The reply should hold only the lines below beginning at the one with "Nike Junior Amelie, the" and ending at the one with "ヘアスタイルはお嬢様からご希望をいただき、ふわっと巻いたスタイルに。", copied exactly, with every picture left out.

• _Exercise input_
═══
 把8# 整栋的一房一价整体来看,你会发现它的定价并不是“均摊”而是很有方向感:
═══
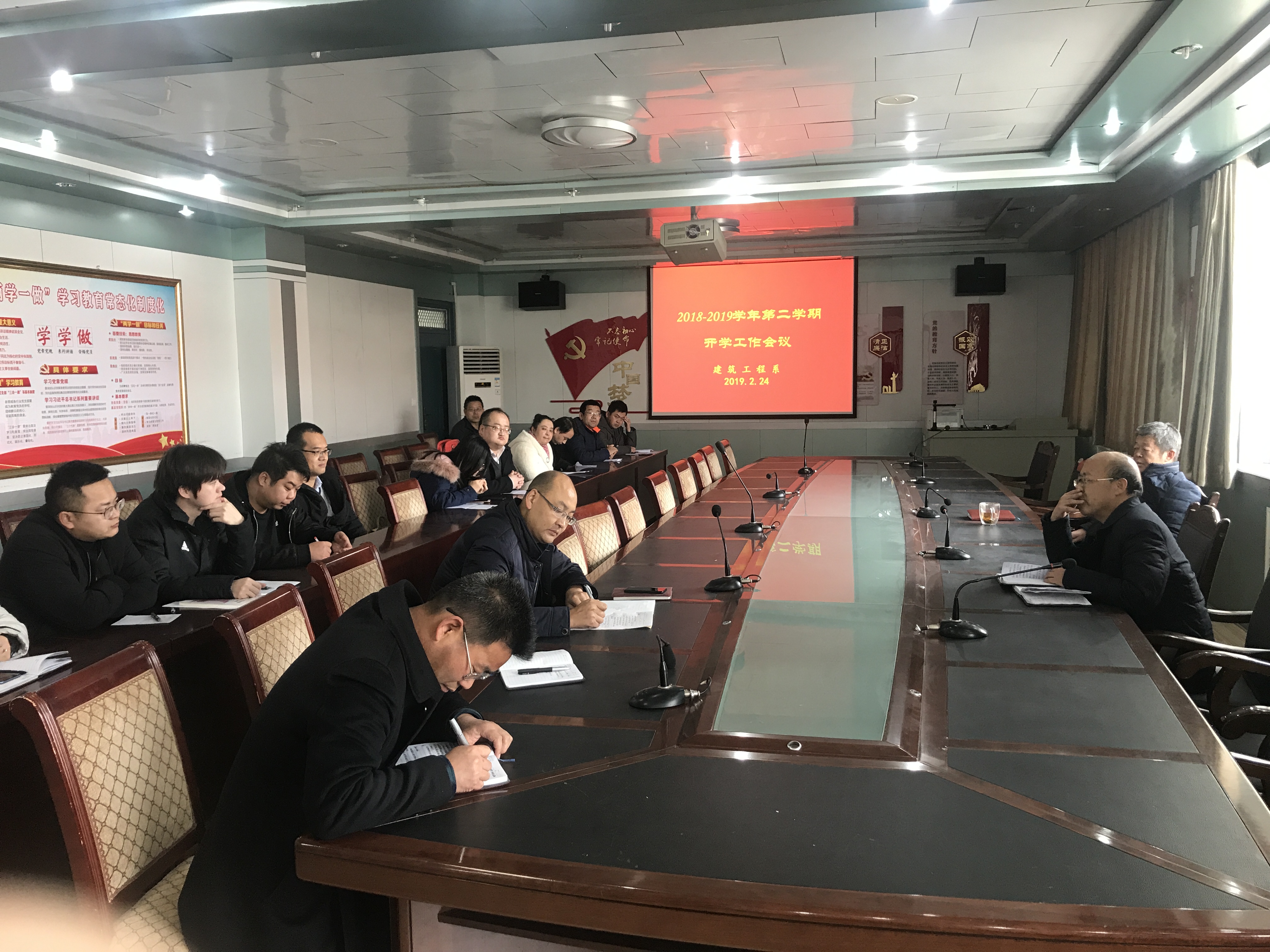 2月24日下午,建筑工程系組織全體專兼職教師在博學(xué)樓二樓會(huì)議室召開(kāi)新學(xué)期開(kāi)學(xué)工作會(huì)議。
═══
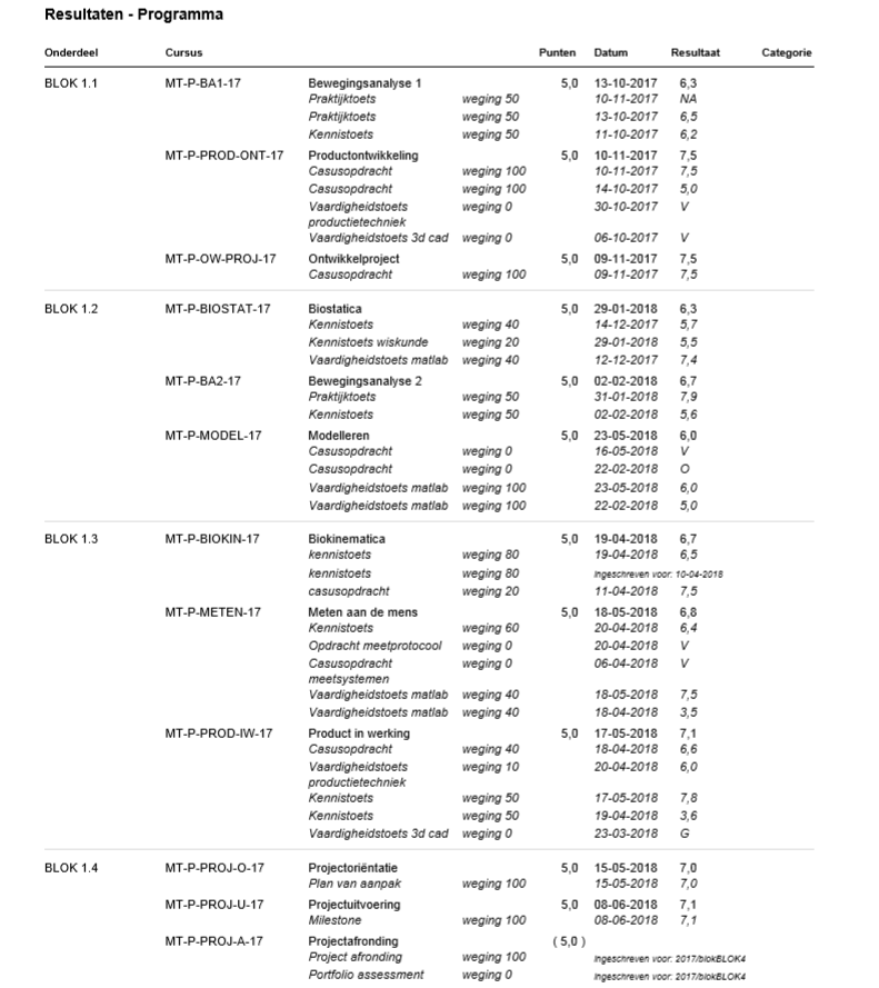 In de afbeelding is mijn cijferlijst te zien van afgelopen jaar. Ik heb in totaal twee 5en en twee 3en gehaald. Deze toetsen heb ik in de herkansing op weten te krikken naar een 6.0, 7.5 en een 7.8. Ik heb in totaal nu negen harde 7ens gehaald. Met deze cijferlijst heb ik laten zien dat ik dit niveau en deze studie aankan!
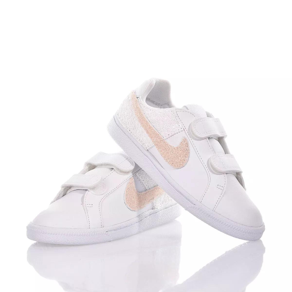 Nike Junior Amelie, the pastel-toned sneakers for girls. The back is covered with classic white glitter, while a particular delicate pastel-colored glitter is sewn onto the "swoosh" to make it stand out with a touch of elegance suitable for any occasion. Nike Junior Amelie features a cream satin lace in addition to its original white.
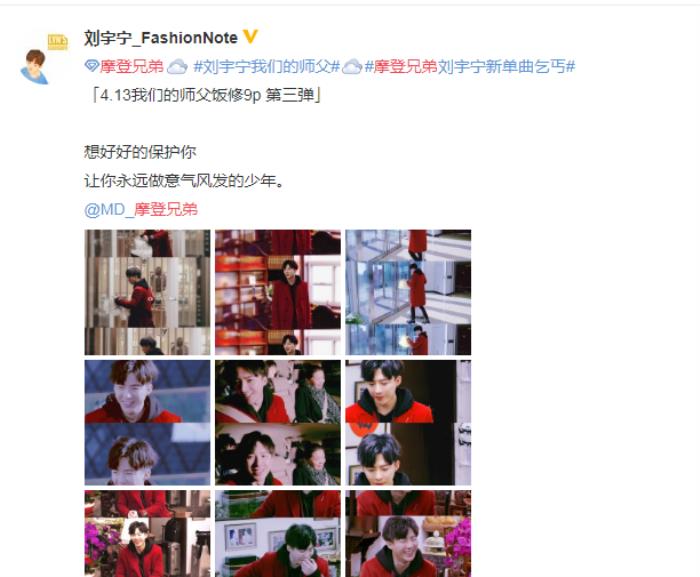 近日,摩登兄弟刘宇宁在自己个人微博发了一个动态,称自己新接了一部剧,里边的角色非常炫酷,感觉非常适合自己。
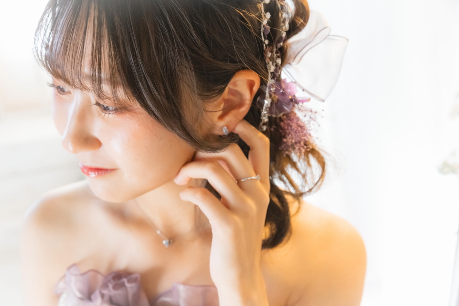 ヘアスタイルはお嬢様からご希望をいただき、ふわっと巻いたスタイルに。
═══
• _Response_
 Nike Junior Amelie, the pastel-toned sneakers for girls. The back is covered with classic white glitter, while a particular delicate pastel-colored glitter is sewn onto the "swoosh" to make it stand out with a touch of elegance suitable for any occasion. Nike Junior Amelie features a cream satin lace in addition to its original white.
 近日,摩登兄弟刘宇宁在自己个人微博发了一个动态,称自己新接了一部剧,里边的角色非常炫酷,感觉非常适合自己。
 ヘアスタイルはお嬢様からご希望をいただき、ふわっと巻いたスタイルに。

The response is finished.